One of Gargus’ teammates with the Sweets, at the PG National Showcase, at the Tournament of Stars and now at the PG All-American Classic is Corbin Carroll from Seattle. Corbin – a 2019 outfielder and UCLA commit ranked No. 17 nationally – and Gargus go way back.

“I started playing with (Carroll) during summer ball when we were 13,” Gargus said. “We’ve always just been close and we’ve become a lot closer these past three years with summer ball and showcases. We’ve been training together and we always push each other. I love that guy; he’s a great guy.”

The city of Yakima has a long baseball tradition and was the home of the short-season Yakima Bears minor league team (Diamondbacks affiliate) in the Northwest League from 1990-2012. It is now the home of the Yakima Valley Pippins of the West Coast League, an 11-team summer collegiate wood bat league in the Northwest.

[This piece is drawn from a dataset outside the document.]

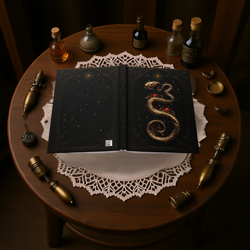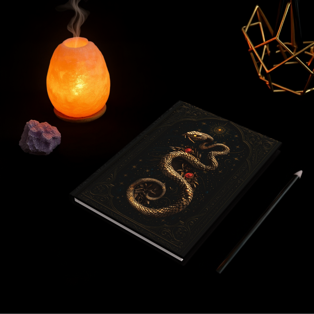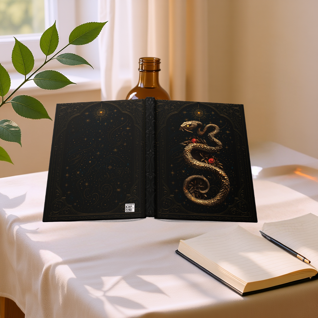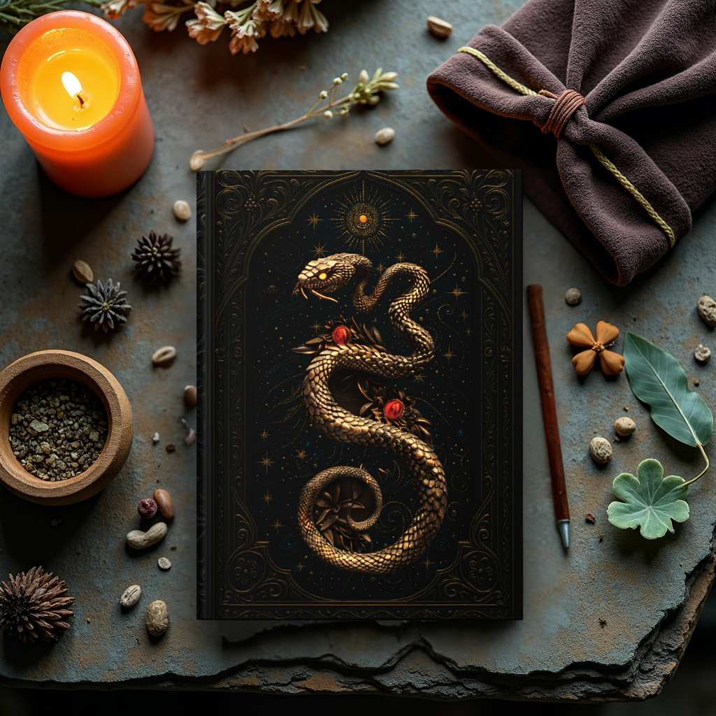 A journal wrapped in mystery, where secrets slither and stars guide your pen. This embossed-look serpent design weaves celestial wonder and ancient power into one striking hardcover—an enchanted place to record your dreams, spells, and sacred truths.

“Yakima has always been a strong baseball town, and it’s always been nice growing up here,” Gargus said. “No other sports are really pushed except for baseball, just because of baseball’s rich history in Yakima.”

Gargus’ coach at Davis HS is Jay Gainer, a former first baseman who played in 23 games for the expansion Colorado Rockies in 1993 and actually hit a home run in his first big-league at bat. Gainer also runs Baseball Advantage, an indoor baseball and fastpitch softball training facility in Yakima.

Another top Washington state prospect, 2019 infielder Carter Young from nearby Selah, and Gargus have been training together with Gainer since they were 11 years old. Young is a Vanderbilt commit ranked No. 74 overall in his class who played with CBA Marucci at the PG 17u WWBA National Championship in early July.

The development of young players like Gargus and Young is bound to attract scouts to the Yakima area next spring as they check out how much the guys – and their teammates – have improved.

“I know I have progressed but I know there’s always room for improvement,” Gargus said. “I still want to get my numbers up … but I’m happy with my progression.”

Gargus said he was making a “life decision rather than a baseball decision” when he made his commitment to Stanford in February 2017 (his sophomore year). He’s smart enough to know that a degree from such a prestigious academic institution – one that also happens to have a prestigious baseball program – will serve him well once he’s done playing baseball.

So, Stanford is there – it’s a known commodity – but as Gargus’ stock continues to rise in the collective eyes of the scouting community, the 2019 MLB June Amateur Draft could certainly come into play. And Gargus doesn’t back away from any of the draft speculation that’s out there.

“Of course I think about the draft; my overall goal is to be a professional baseball player so I can’t set that aside,” he said. “So, yeah, I think about it all the time.”

But first things first. When Gargus was in San Diego for the PG Underclass All-American Games in 2016, he got to town a day early so he could attend that year’s PG All-American Classic. He remembered vividly who made the start for the West squad in that game.

“I was there and I watched Hunter Greene pitch; it was crazy,” he said, quickly adding that really got him thinking about actually playing in the game two years down the road.

That day is almost here, and that’s a good thing for the kid from Yakima who just never gets sick of playing baseball.